To understand how flatfish eyes changed so drastically, some biologists are watching flatfish eggs hatch and develop into adult fish. The larvae start off looking like normal fish. Only when they go through metamorphosis into adults does one eye migrate to the other side of the head. The fish then settle down on the sea floor to lie in wait for prey.

Hormones from the thyroid gland trigger larvae to go through this metamorphosis. The hormones switch on genes in the flatfish skull that cause it to change shape, helping to push one eye into a new position. Inside the eye itself, other genes stimulate the growth of neurons so that it can stay connected to the brain as it travels to a new place.

The new flatfish discoveries have provided some answers to questions about their evolution — and led to new debates. In 2021, a team of researchers in China created a new evolutionary tree of flatfish by looking at 1,700 DNA segments in 13 species of flatfish and their relatives. The researchers concluded that the flatfish body evolved twice. One of these transitions gave rise to a group of flatfish species that live in tropical oceans, known as spiny turbots, and the other transition produced all the other flatfish, including flounder.

Friedman was skeptical.

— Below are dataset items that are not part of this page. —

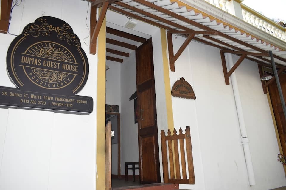 In bester Lage gelegen in Puducherry, bietet die Unterkunft Dumas Guest House klimatisierte Zimmer mit einem Garten, einem eigenen Strandbereich und kostenlosem WLAN.
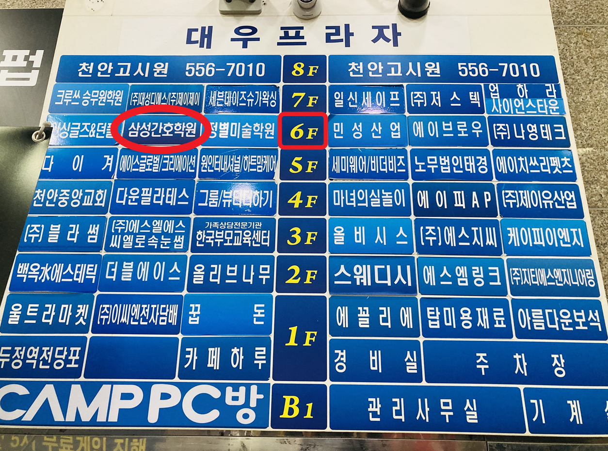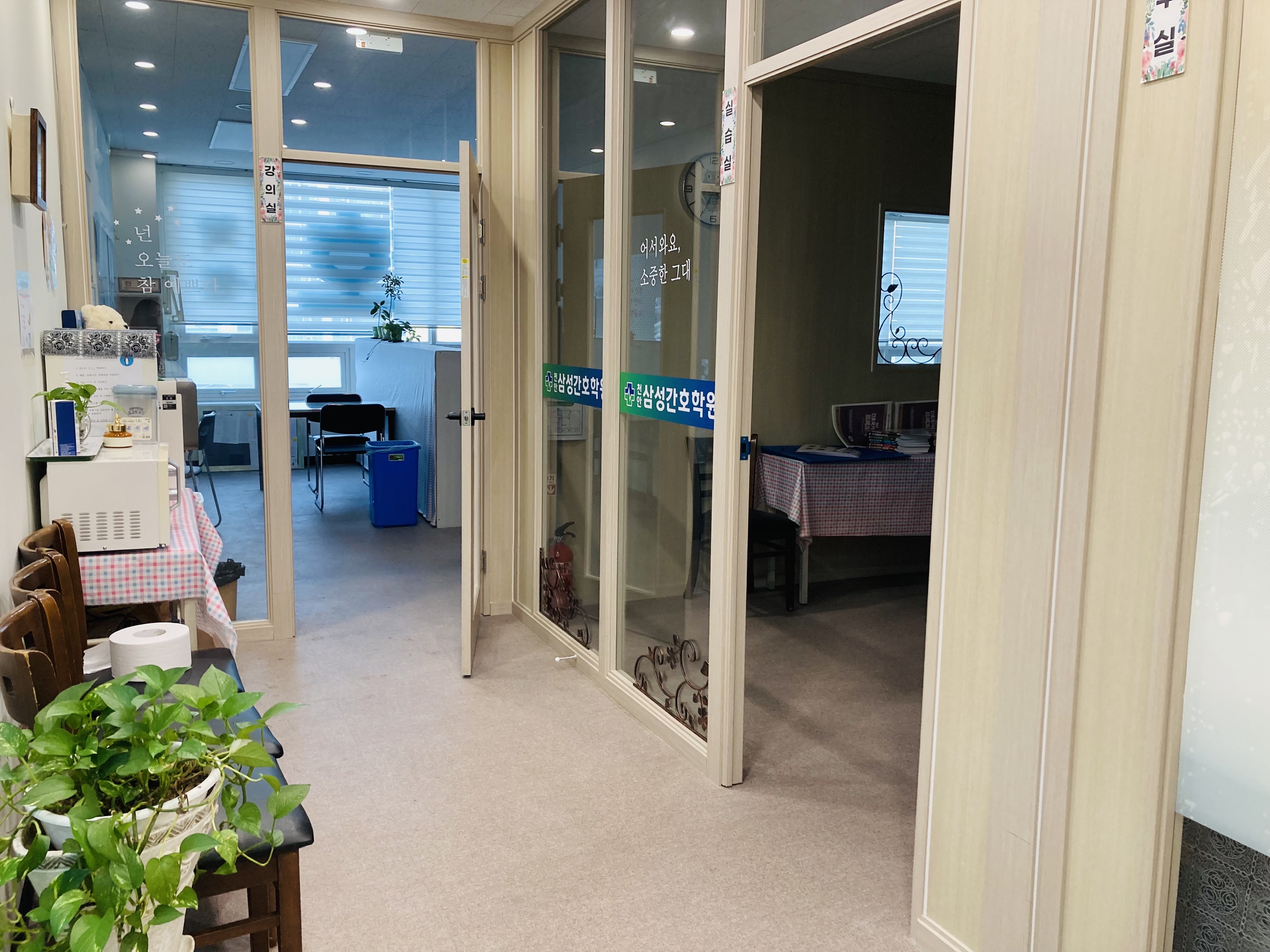 안녕하세요, 삼성간호학원입니다. 본격 천안삼성간호학원의 시설 파헤치기! 이제 입구로 들어서서 학원의 내부모습도 함께 구경해볼까요? 입구의 작은 복도를 지나~ 천안 삼성간호학원의 시그니처, 파란문을...
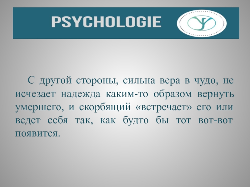 отрицанием безвозвратности утраты. Человеку, понесшему утрату, часто кажется, что он

All flatfish share many of the same extreme changes to their anatomy, made possible by dramatic changes to their larvae. Friedman found it hard to believe that ordinary fish would gain the bizarre flatfish body twice. “I’m pretty sure that that innovation evolved once,” he said.

Because flatfish evolved so quickly after the asteroid hit 66 million years ago, their evolutionary tree was tricky to reconstruct. Friedman tried to do so with Betancur-R. and Emanuell Duarte-Ribeiro, an evolutionary biologist at the University of Basel in Switzerland. They focused on certain DNA segments that they predicted would be more likely to provide a more accurate picture. They also expanded their analysis to compare more than 400 species of flatfish and their relatives.

Last month, the researchers reported that their new analysis pointed to just one origin of flatfish. “We’re happy to find the single origin, because it’s the simpler explanation,” Duarte-Ribeiro said. “There are so many genes that are potentially involved in this transition that it’s quite unlikely that it happened twice.”

The Chinese researchers published a response in which they stood by their results. Three members of the team did not respond to emails seeking comment.

Betancur-R. and his colleagues are now pulling together more data from flatfish DNA to see whether their finding of a single origin holds up. “That’s what I think would happen,” he said. “But it’s hard to tell, because these are difficult problems.”